# How to define close points in plane?

What I am looking for is a formalization of the intuitive ideia of closeness of points in a plane. I don't know if this formalization already exists.

For example, how can I rigorously define that $$(0,0)$$, $$(1,0)$$ and $$(-1,1)$$ are points close to each other in the plane, but $$(0,0)$$, $$(1,0)$$, $$(-1,1)$$ and $$(100,100)$$ are not? My question is in general, not for this particular example.

I tried thinking about minimum polygonal area that contains all points, but without success.
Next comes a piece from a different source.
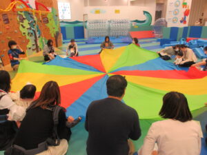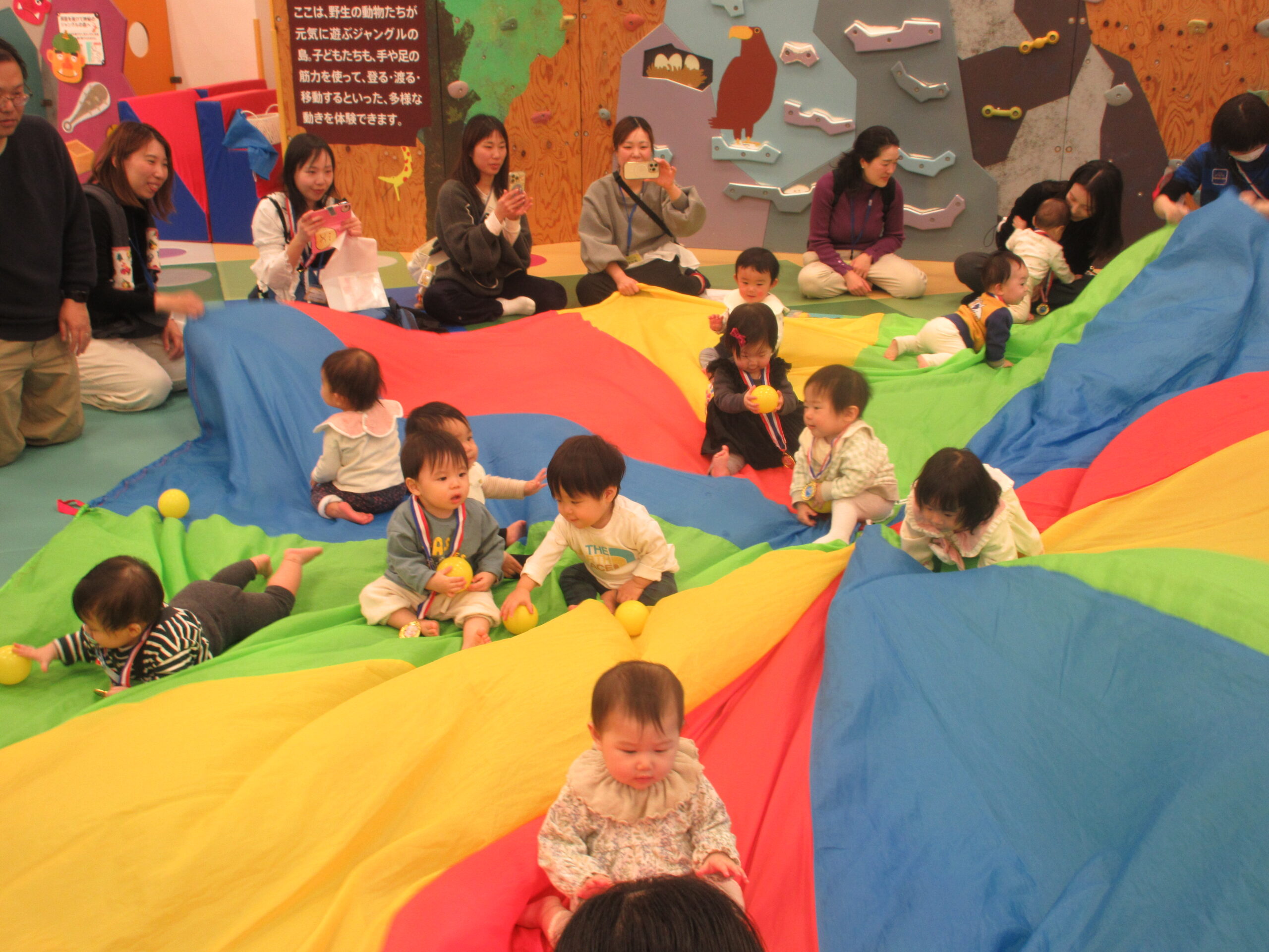 保護者の皆様には音の鳴る遊具を持って、ゴールまで応援していただきました!

What I wanted was some ideia similar to limit in Analysis. Like, there is an intuition about convergence of a sequence, but it is important to be rigorous using the epsilon definition.
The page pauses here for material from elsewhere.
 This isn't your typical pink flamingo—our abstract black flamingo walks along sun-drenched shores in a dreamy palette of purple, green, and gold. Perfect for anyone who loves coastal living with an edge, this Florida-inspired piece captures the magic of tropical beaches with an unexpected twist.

• Well, "close" is subjective. My buddy Andy Ant doesn't think $(0,0), (1,0)$ and $(-1,1)$ are very close together at all. $(0,0)$ and $(1,0)$ are an entire unit apart and $(1,0)$ and $(-1,1)$ at an inconceivably distance of $\sqrt 3$ units apart! That's almost TWO effing units!!!! Meanwhile my pal Willy Whale says $(0,0),(1,,0),(-1,1)$ and $(100,100)$ are extremely close together. $(100,100)$ is the only one that is even noticebly separate from the other but as its less then 200 measly units it hardly counts. So.... to be continued..... May 8, 2020 at 21:57
• To be close can only mean to be within a specified small distance from each other. And that is formally defined as .... being within a specified small distance from each other. i.e The points of $A = \{(0,0),(1,0), etc\}$ are closed together if $\sup \{d(x,y)| x,y \in A\} < \delta$ for some arbitrary $\delta$ that you declare to be "small". May 8, 2020 at 22:01

"Close" generally means "within distance $$\delta$$ of each other", where $$\delta$$ is some small positive number.